In some cases, a cash flow statement might be all it takes to determine how to get your business on the right track. Consequently, keeping your business afloat is all about having enough cash to pay for your expenses while still being able to cover periods of time that are less profitable.

  1. Balance Sheet

A balance sheet can let you know how your business is doing at any given moment in time. It provides information about how much money you have in the bank, how much your customers owe you, and how much you owe to your vendors.

Balance sheets contains three types of accounts – your assets (your accounts receivable, money in the bank, and your inventory), your liabilities (your accounts payable, credit card balances, loan repayments), and your equity (your own equity, as well as any shares, retained earnings, and stock proceeds).

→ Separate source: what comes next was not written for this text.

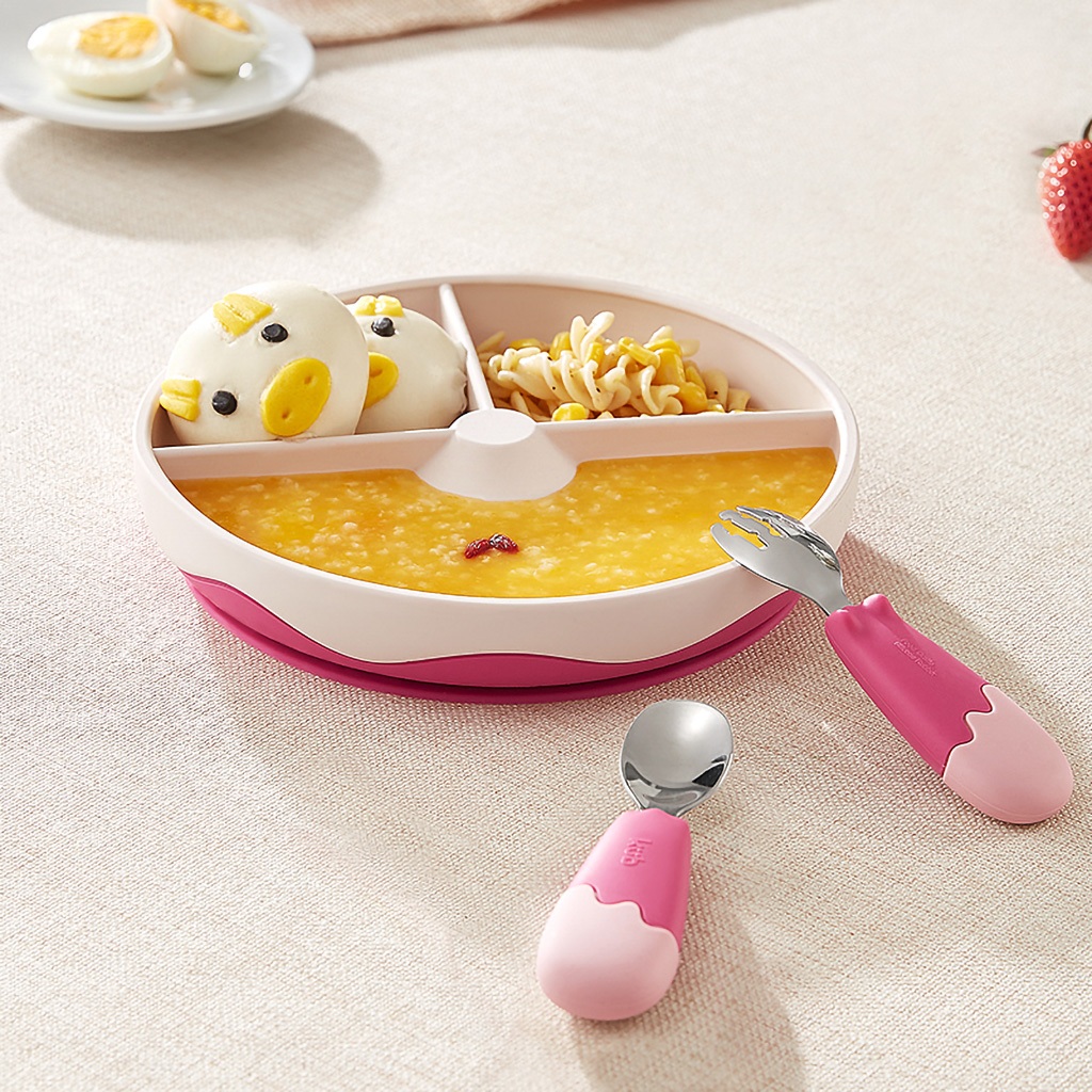 Tặng kèm muỗng nĩa inox 316 cao cấp – đầu tròn, tay cầm silicon chống trượt, hỗ trợ bé tập xúc thức ăn dễ dàng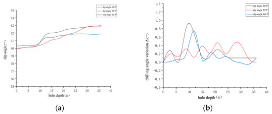 Schematic diagram of the gas drainage borehole inclination angle of 60° and its variation value with hole depth: (a) Schematic diagram of the variation in the inclination angle of the gas drainage hole with the hole depth. (b) Schematic diagram of the variation in the inclination angle of the gas drainage hole with the hole depth.

The total of your liabilities plus your total equity equals the total of your assets.

At the end of the accounting year, your total profit or loss adds to or subtracts from your retained earnings. Accordingly, your retained earnings are the cumulative profit and loss since the inception of your business.

  1. Sales Forecast

A sales forecast predicts your projections and estimates what you think will be sold in a given period. Forecasts should be an ongoing part of your business planning process and are particularly important for any lenders or investors.

Remember to break down your forecast into segments based on the products and services you offer. This will differ for every business but always remember to include the COGS to determine a forecasted gross margin.

  1. Break-Even Analysis

A break-even analysis is a calculation of how much you will need to sell in order to cover your expenses. To ascertain your break-even point, you will need to work out the contribution margin of what you are selling.

Moreover, a contribution margin can be found by calculating the price of a product minus any associated costs such as wages. Correspondingly, this model enables you to determine how high your sales revenue needs to be in order to break-even.

Ultimately it is no secret that putting together a financial plan can seem daunting at first, especially for new businesses. Above all, over time, your financial goals will undoubtedly change and therefore reviewing your financial plan often and readjusting it where necessary is strongly recommended.